KFI, yang merupakan bagian dari proyek strategis nasional dalam mendukung hilirisasi sumber daya alam sesuai arahan Presiden RI, mengaku tengah berjuang mempertahankan operasional perusahaan di tengah fluktuasi harga komoditas dunia. Meski mendapat sorotan dari DPRD terkait aspek kesiapan kunjungan dan pelaksanaan CSR, pihak manajemen menyambut baik perhatian legislatif dan menjadikan masukan tersebut sebagai bahan evaluasi konstruktif.
“Kami sangat menghargai kehadiran Komisi IV dan masukan yang disampaikan. Ini menunjukkan adanya perhatian terhadap industri strategis seperti KFI yang telah menyerap ribuan tenaga kerja lokal,” ujar Owner Representatif PT KFI, Ardhi Soemargo.
KFI menegaskan bahwa sejak awal beroperasi, perusahaan telah berkomitmen pada prinsip keberlanjutan, baik dari sisi lingkungan hidup maupun sosial kemasyarakatan.
Hal ini ditunjukkan dengan kepatuhan terhadap regulasi seperti kepemilikan Surat Keterangan Kelayakan Lingkungan (SKKL) dari Kementerian Lingkungan Hidup dan pelaporan rutin melalui sistem elektronik (SIMPEL) oleh pihak ketiga bersertifikasi.
Di bidang CSR, KFI telah merealisasikan berbagai program nyata seperti dukungan terhadap kegiatan hari besar keagamaan, pembangunan jalan poros dan jalan beton, hingga pembangunan ekowisata di Penajam Paser Utara yang mendukung ekonomi lokal dan pariwisata.
“Kami menyadari CSR harus terus ditingkatkan. Tapi penting juga diingat bahwa keberlangsungan program sosial sangat tergantung pada stabilitas operasional perusahaan,” bebernya.
Kondisi ekonomi global yang tidak stabil telah memukul harga jual produk feronikel, berdampak langsung terhadap keberlanjutan operasional perusahaan. Dari tiga line produksi yang dimiliki KFI, hanya satu yang saat ini masih berjalan. Jumlah tenaga kerja lokal juga harus disesuaikan dari sebelumnya 1.700 orang menjadi 774 orang. Sementara tenaga kerja asing turun dari 125 menjadi 69 orang.

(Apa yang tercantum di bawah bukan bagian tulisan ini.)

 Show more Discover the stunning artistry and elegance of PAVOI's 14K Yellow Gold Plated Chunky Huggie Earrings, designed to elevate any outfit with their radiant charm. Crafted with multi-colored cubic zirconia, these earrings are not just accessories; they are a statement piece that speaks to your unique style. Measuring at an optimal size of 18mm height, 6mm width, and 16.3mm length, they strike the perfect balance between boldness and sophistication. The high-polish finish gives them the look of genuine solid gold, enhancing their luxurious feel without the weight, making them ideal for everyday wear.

“Ini bukan keputusan mudah, namun kami harus menjaga agar perusahaan tetap hidup. Untuk itu kami berharap adanya dukungan nyata dari pemerintah, baik dalam bentuk insentif, regulasi yang adaptif, maupun kebijakan yang pro-investasi,” jelasnya.

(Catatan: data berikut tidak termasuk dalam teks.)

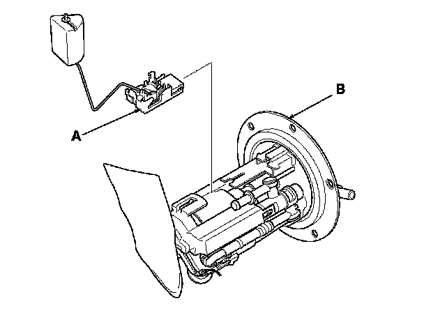 2. Remove the fuel level sensor (fuel sending unit) (A) from the fuel tank unit (B).

Terkait kritik DPRD tentang keterbukaan informasi dan prosedur kunjungan, manajemen KFI menjelaskan bahwa pembatasan akses ke area produksi murni dilakukan atas dasar prosedur keselamatan. Permintaan surat izin keselamatan merupakan langkah standar dalam industri berat untuk memastikan pengunjung masuk area kerja dengan perlindungan penuh.
“Kami tidak bermaksud menutup diri, hanya ingin memastikan bahwa keselamatan setiap orang termasuk tamu merupakan prioritas kami. Ke depan, kami akan tingkatkan koordinasi lebih baik agar semua pihak dapat bersinergi,” pungkas Ardhi.
Dengan posisi strategis sebagai bagian dari program hilirisasi nasional dan kontribusi nyata terhadap pembangunan daerah, PT KFI berharap sinergi antara legislatif, eksekutif, dan pelaku industri dapat terjalin lebih erat guna menghadapi tantangan bersama demi masa depan industri nikel dan kesejahteraan masyarakat Kaltim.